README.md
October 13, 2025 · View on GitHub
Diffusion Models For Low-Light Image Enhancement: A Multi-Perspective Taxonomy And Performance Analysis
A structured and visual companion repository summarizing the paper
- Authors: Eashan Adhikarla, Yixin Liu and Brian D. Davison
- Affiliation: Lehigh University
- Published: 2025 (arXiv preprint)
Why this repo
This README is the fast path through the survey. It gives a taxonomy cheat sheet, dataset and metric lookup, a decision guide for selecting LLIE diffusion methods, and links back to exact sections of the paper for detail. The paper presents a six-part taxonomy, a benchmark and metrics view, challenges, and forward directions.
TL;DR of the survey
- Six-part taxonomy for diffusion models in LLIE: Intrinsic Decomposition, Spectral and Latent, Accelerated, Guided, Multimodal, Autonomous. The taxonomy is grounded in model mechanism and conditioning signals.
- Benchmarks and analysis cover datasets, metrics, and a cross-benchmark performance landscape, with deployment tradeoffs among fidelity, perception, and efficiency.

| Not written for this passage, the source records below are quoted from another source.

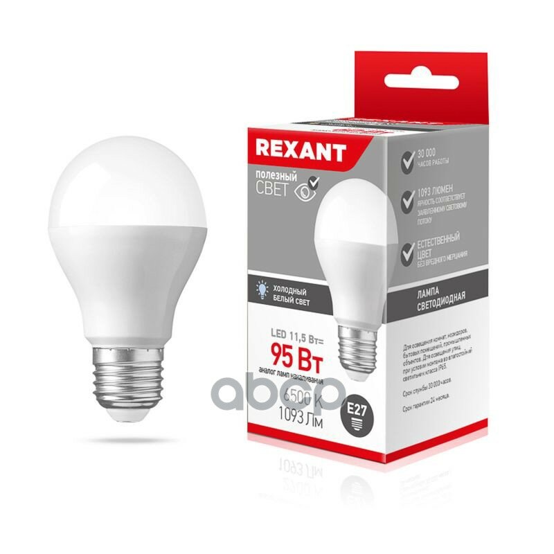 Светодиодная лампа REXANT Груша A60 11,5 Вт E27 1093 лм 6500 K холодный свет интересное:
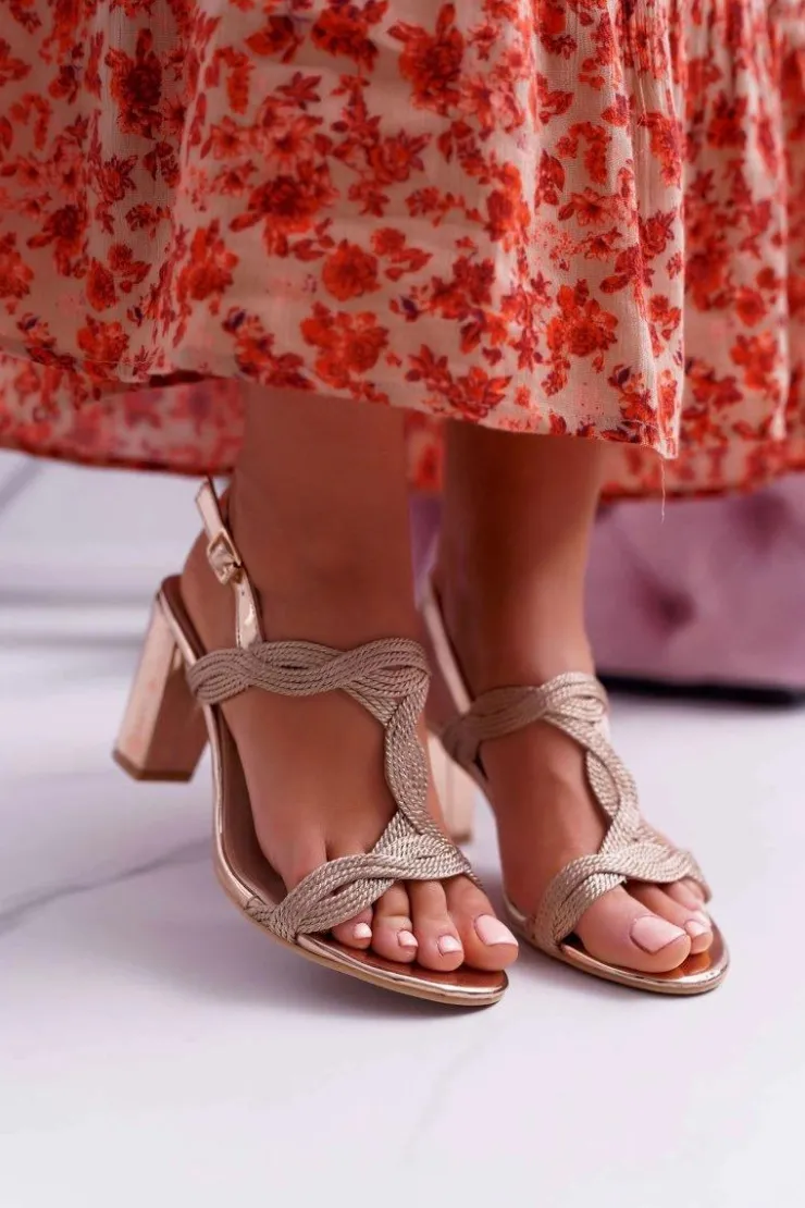 Wspaniałe eleganckie sandały, które idealnie sprawdzą się w każdej wieczorowej stylizacji. Modny wzór na słupku oraz piękna cholewka z plecionego sznurka. Klasyczne zapinanie wokół kostki sprawia że stają się jeszcze bardziej eleganckie. Według opinii klientek, sandały są bardzo wygodne i świetnie leżą na nodze. Przy wyborze rozmiaru prosimy sugerować się tabelą rozmiarów, która dostępna jest po najechaniu bądź kliknięciu w dany rozmiar.
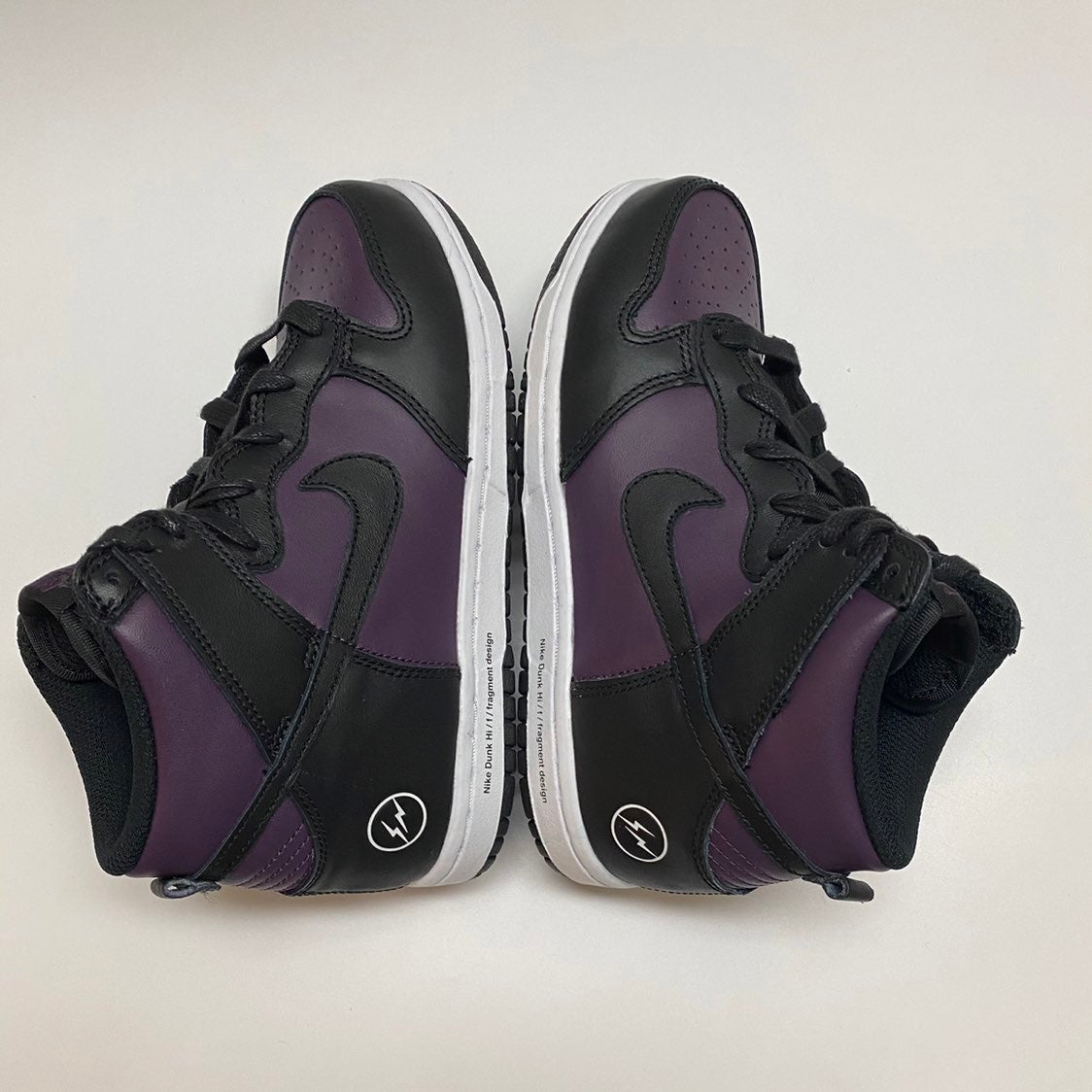 Nike Dunk High PS ‘Beijing’ brings back one of the three ‘City Pack’ colorways released by Hiroshi Fujiwara and Nike in 2010. Unlike the original, this reissue features symmetrical color blocking on the leather upper, highlighted by a dark purple base with contrasting black overlays. Fragment’s lightning bolt logo is stamped in white on the lateral heel, while the shoe’s development style number is inscribed in fine print across the midsole
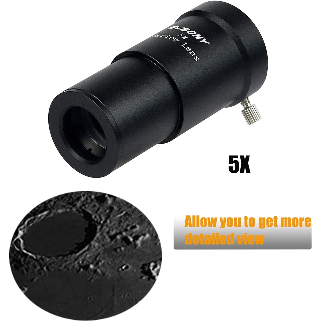 SVBONY 1,25 polegadas 5X Barlow Lens Metal Multi Revestido Banda Larga Filme Verde para Ocular Telescópio Padrão Astronomia
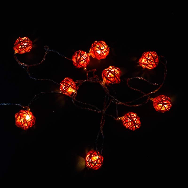 ریسه 10 لامپ طرح گوی چوبی نارنجی آفتابی 2٫5 متری
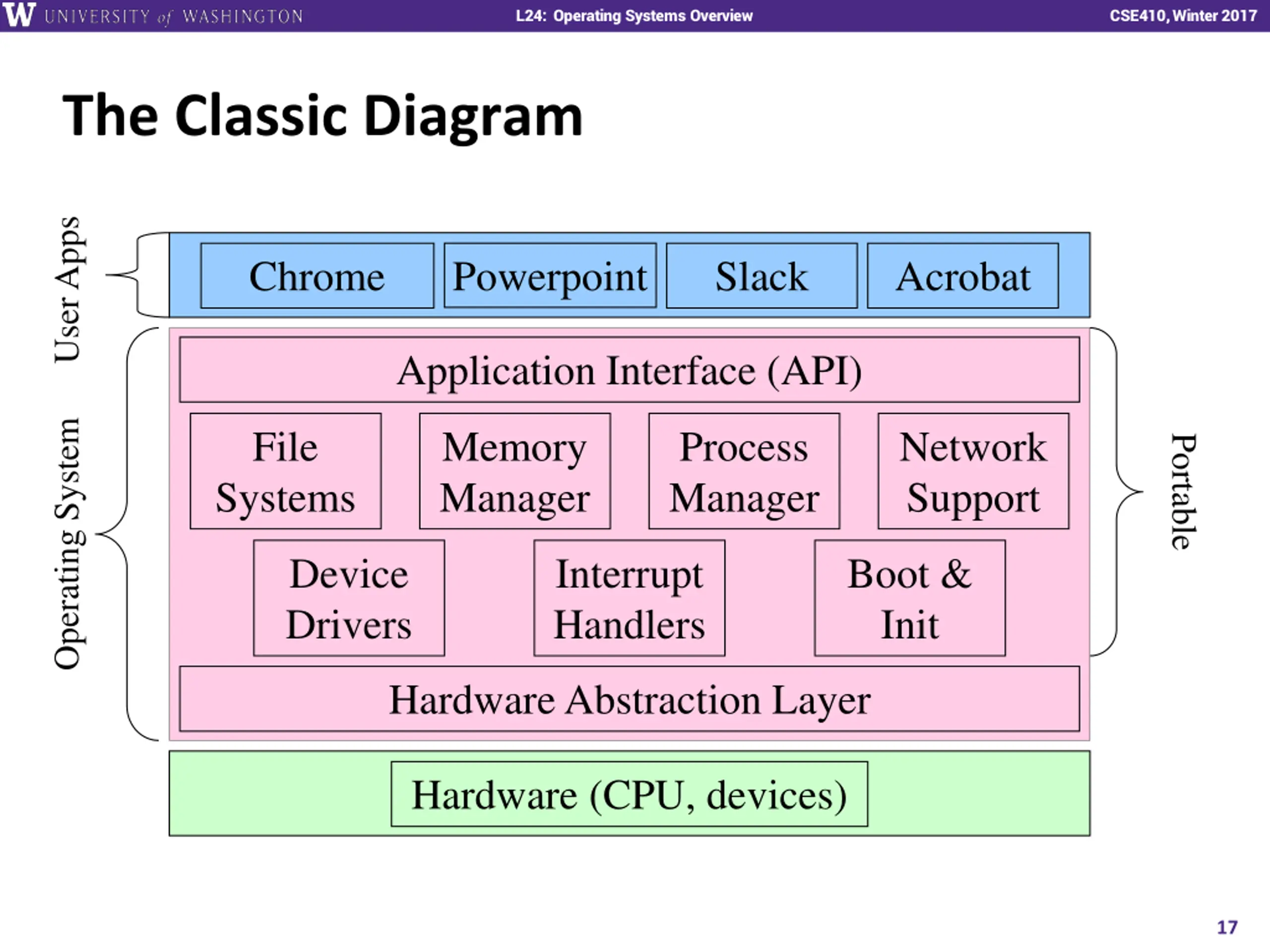 L01: Intro, Combinational Logic L24: Operating Systems Overview CSE369, Autumn 2016 CSE410, Winter 2017 The Classic Diagram User Apps Chrome Powerpoint Slack Acrobat Application Interface (API) Operating System File Systems Memory Manager Process Manager Network Support Portable Device Drivers Interrupt Handlers Boot & Init Hardware Abstraction Layer Hardware (CPU, devices) 17

- Practical challenges include latency, generalization, data scarcity, interpretability, and ethics. The paper outlines directions for on-device use and foundation model adaptation.
Quick navigator
Use the paper’s HTML view for jump links. HTML‡arXiv
- Key Observations
- Background (LLIE problem framing and diffusion fundamentals)
- Taxonomy (six categories with representative methods and tradeoffs)
- Datasets and Metrics (FR, NR, distribution, and task-based)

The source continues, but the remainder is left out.